Thousands of jobseekers to receive free third level courses
Springboard to offer training in sectors with ‘good prospects’ such as IT, financial services
Minister for Education Richard Bruton said offering free courses to jobseekers as part of the Springboard scheme reflected the Government’s commitment to deliver a step change in our capacity to educate, develop and retain talent.

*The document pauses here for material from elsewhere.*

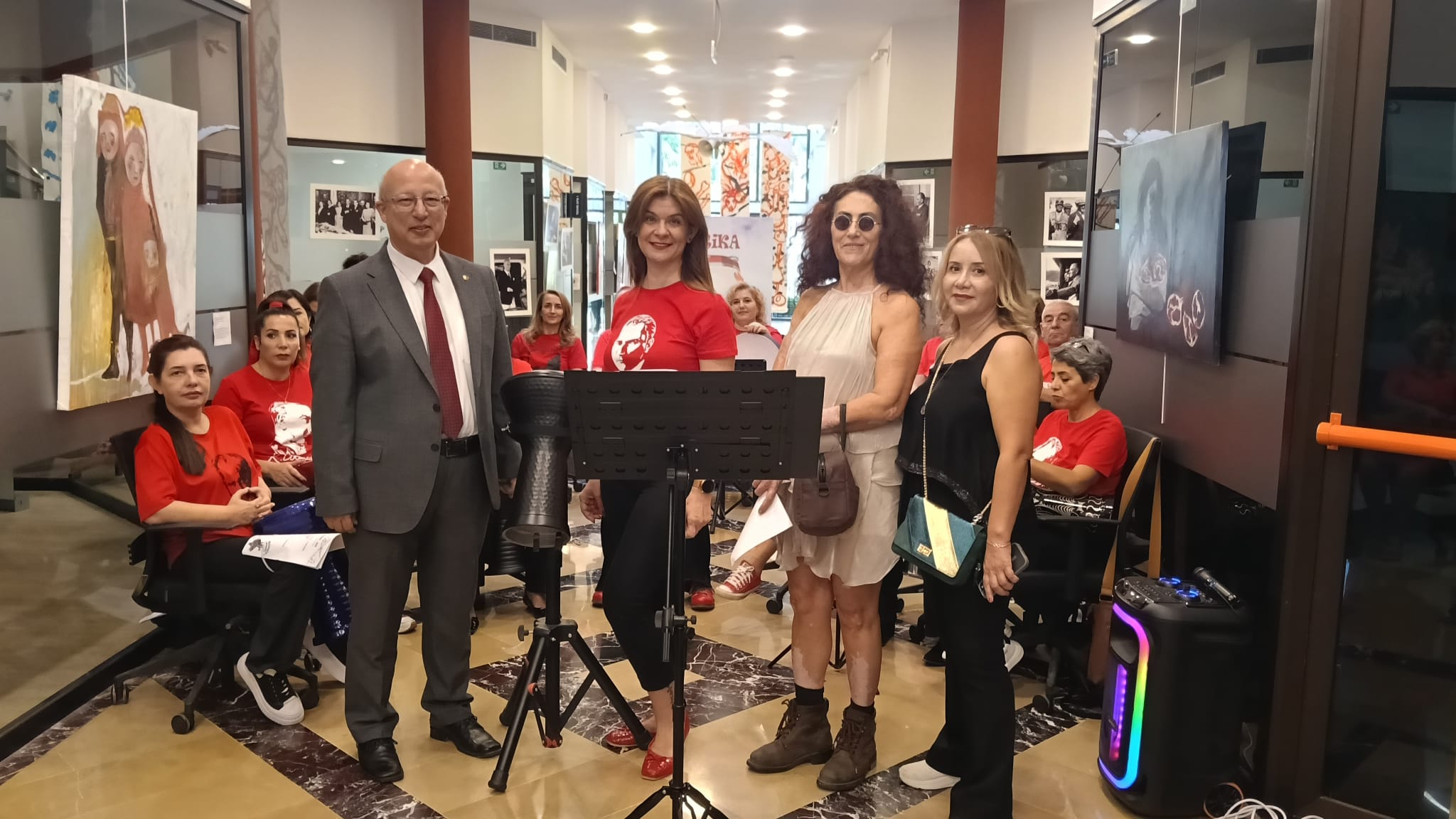 Açılış konuşmalarının ardında çoğunluğu kadınlardan oluşan Otantika Ritim Grubu Cumhuriyet türkülerini katılımcılara güçlü ritimler eşliğinde sundu.

Photograph: Nick Bradshaw.
Thousands of free third level courses in IT and financial services will be available this year under an initiative aimed at giving jobseekers new skills in sectors with good employment prospects.
A total of 5,825 full- and part-time courses will be available across 36 educational institutions under the 2016 Springboard+ programme.
Almost half the places are on ICT courses, followed by entrepreneurship, international financial services and high-level manufacturing.
Culinary skills are a new addition, aimed at addressing emerging skills gaps the hospitality sector.
Minister for Education Richard Bruton said the announcement reflected the Government’s commitment to deliver a step change in our capacity to educate, develop and retain talent.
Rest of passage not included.